Adverse Events and Serious Adverse Event Management
Regular reporting of adverse events is done through data collection in case report forms
These adverse events are already known as potential risks when participating in a research study with a specific investigational product. At the time a participant begins a research study, it is important to have a documented baseline assessment that is detailed with health history and current health issues prior to exposure to the investigational product. As the participant is exposed to the investigational product, the research team must document any changes in health that may be due to the research study product and report these adverse events through normal data collection tools provided by the sponsor.

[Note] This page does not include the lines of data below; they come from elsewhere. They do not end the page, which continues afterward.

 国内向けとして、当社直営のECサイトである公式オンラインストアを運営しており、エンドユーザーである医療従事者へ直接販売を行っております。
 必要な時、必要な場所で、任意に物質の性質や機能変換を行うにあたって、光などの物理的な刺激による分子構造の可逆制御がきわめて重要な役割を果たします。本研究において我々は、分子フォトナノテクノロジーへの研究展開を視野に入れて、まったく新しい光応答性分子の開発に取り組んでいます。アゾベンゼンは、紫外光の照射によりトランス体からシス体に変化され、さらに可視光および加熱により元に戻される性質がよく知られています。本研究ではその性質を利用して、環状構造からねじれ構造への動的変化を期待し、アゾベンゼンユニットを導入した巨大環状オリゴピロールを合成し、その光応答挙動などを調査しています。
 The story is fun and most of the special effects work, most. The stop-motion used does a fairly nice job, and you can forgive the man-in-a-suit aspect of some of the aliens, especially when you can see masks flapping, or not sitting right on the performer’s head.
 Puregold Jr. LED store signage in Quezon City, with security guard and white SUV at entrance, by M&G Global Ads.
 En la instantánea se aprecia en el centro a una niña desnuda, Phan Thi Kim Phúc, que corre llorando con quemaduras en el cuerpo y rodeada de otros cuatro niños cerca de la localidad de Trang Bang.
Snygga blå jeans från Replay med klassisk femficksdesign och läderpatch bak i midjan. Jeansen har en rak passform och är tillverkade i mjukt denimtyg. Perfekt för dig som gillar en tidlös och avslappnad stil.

Research studies involving interventions such as drugs, biologics or devices require the investigators and sponsors to appropriately report any serious adverse events (SAEs) observed in human participants that are considered serious, unexpected and related to the investigational product as defined by federal regulations. These unanticipated problems need to be reported promptly to the IRB, sponsor and federal agency because they may involve greater risks to human subjects or others than previously expected. Each entity has defined reporting requirements for serious adverse events. It is important to note that sometimes the event is required to be reported to the sponsor as an SAE but it may not need to be reported to the IRB. The research team must be familiar with the various reporting definitions, requirements, and timelines that the reports must be completed. It is important to document when the research team is informed of a potential SAE. This is the point when the timeline for submitting the required reports begins. Sometimes only minimal information is known at the time the initial reports are due; additional information can be submitted once it is available as an amendment to the initial report.

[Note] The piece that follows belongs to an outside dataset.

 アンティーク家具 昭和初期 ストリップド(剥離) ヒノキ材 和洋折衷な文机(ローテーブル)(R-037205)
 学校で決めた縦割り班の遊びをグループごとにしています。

Most reports require a brief history of the event. This description should be professionally written and presented factually. Key information that is helpful to the reviewers of the reports are: participant demographic information, when the participant started the research study, what research intervention the participant was receiving, previous medical history, concomitant medications, last exposure to investigational product, abnormal labs or diagnostic tests, when the study team was notified of the event, description of the actual event, relationship of the AE to the investigational product, whether the participant was hospitalized, if the event has resolved or not, and whether the participant will be removed from the research study or continue to receive the research product.